Хрипло - задыхаясь - ревел пароход.
- Куда их?
- Плывут, что ли? Уходят?
Один только Кирилл Михеич сказал:
- Дай-то Господи! Пущай!
Да за ним повторила старуха-генеральша на крыльце.
У палисадника остановилась Варвара. Заглядывая в окна, говорила намеренно громко. От этого ей было тяжело, жарко и развивались волосы на висках.
- Братья у меня уезжают в Омск. У них отпуск кончился.
- А раны?
- Зажили. Только пока еще на костылях. В Петербурге большевики волнуются, - порядочным людям там быть нужно. Мама очень встревожена, говорят - по Сибирской линии забастовка... Вы не знаете?..
Ничего Кирилл Михеич не знал. Выпил положенные четыре стакана чая, вытер лоб и подумал: "надо итти". А итти было некуда. На постройке - из окна, из палисадника видно - нет рабочих. Нет их и на казачьей площади все у парохода. Туда же верхами промчались киргизы-джатачники.

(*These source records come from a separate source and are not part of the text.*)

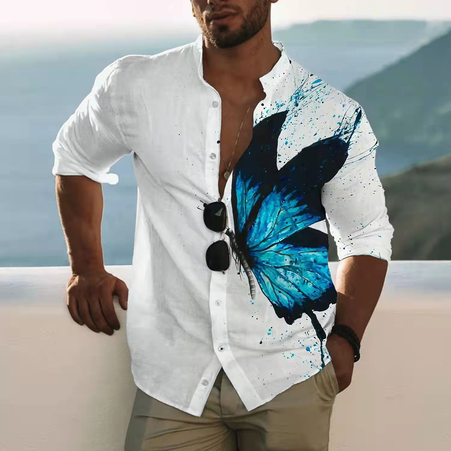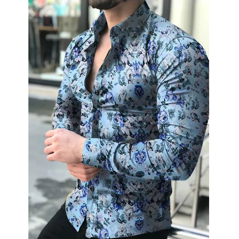 Men's Slim Shirts Spring Autumn Casual Lapel Street Animal 3D Printing Long Sleeve Oversized Shirts Men's Tops
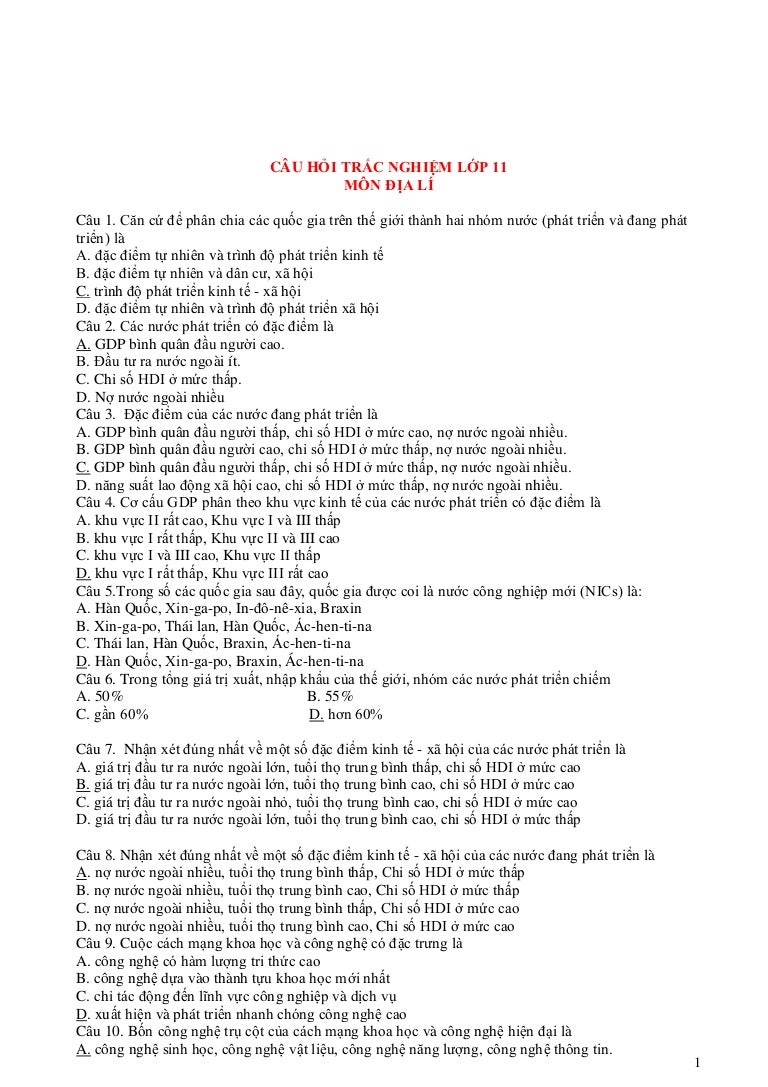 Cau Hỏi Trắc Nghiệm Lớp 11 Mon địa Li 10562212092019
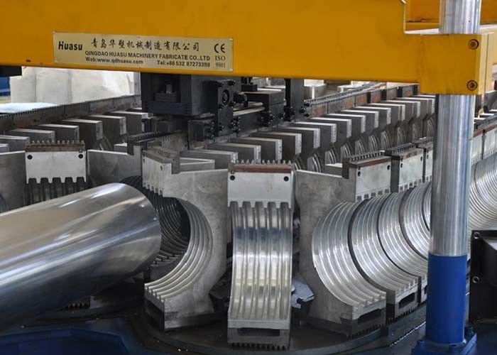 خط بثق الأنبوب المموج أحادي الجدار PE / PP / PVC مع آلة بثق لولبية مفردة أو مزدوجة
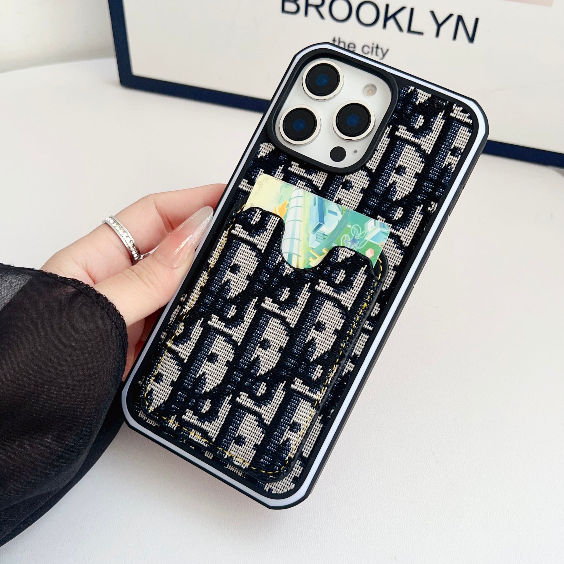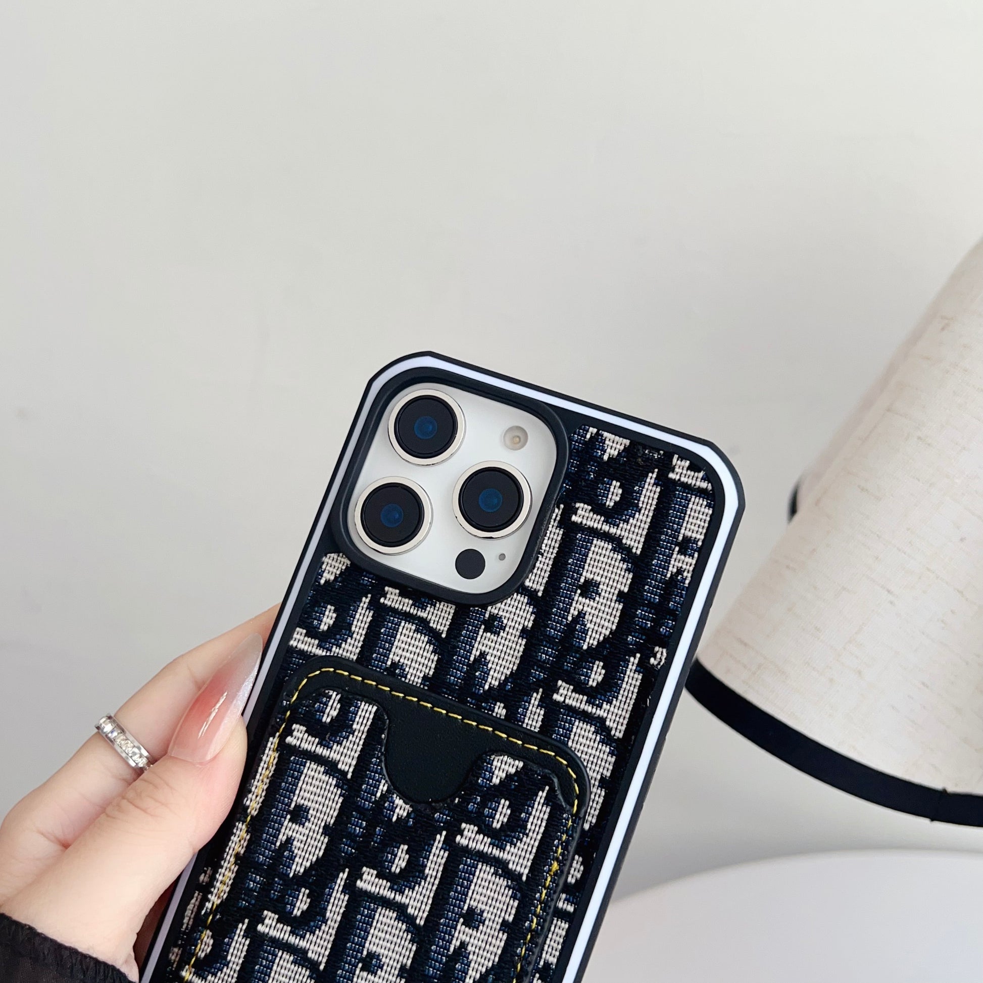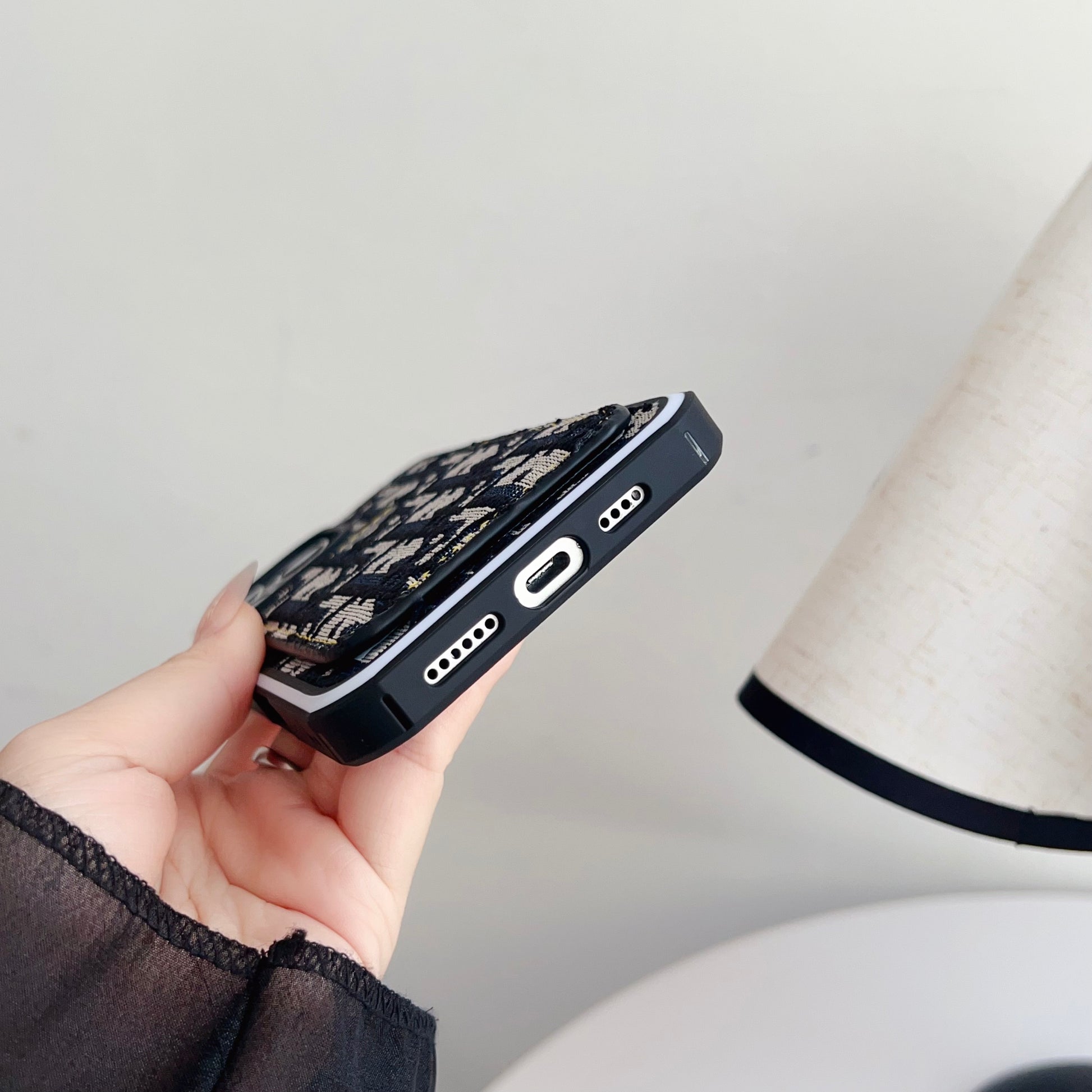 This fabrics CD iPhone case with card holder combines refined craftsmanship with functional design. Made from premium fabric material, it offers secure card storage, dependable protection, and the sophisticated style of Dior’s latest creation.

Потоптался у плах. Зачем-то переложил одну. Подошел старик Поликарпыч, тоже помог переложить. Так всю грядку с места на место и переложили. Сели потом на плахи, и старик закурил:
- Таки-то дела...
- Таки, - сказал Кирилл Михеич. - Дай закурить.
И хоть никогда не курил, - завернул. Но не понравилось, - кинул.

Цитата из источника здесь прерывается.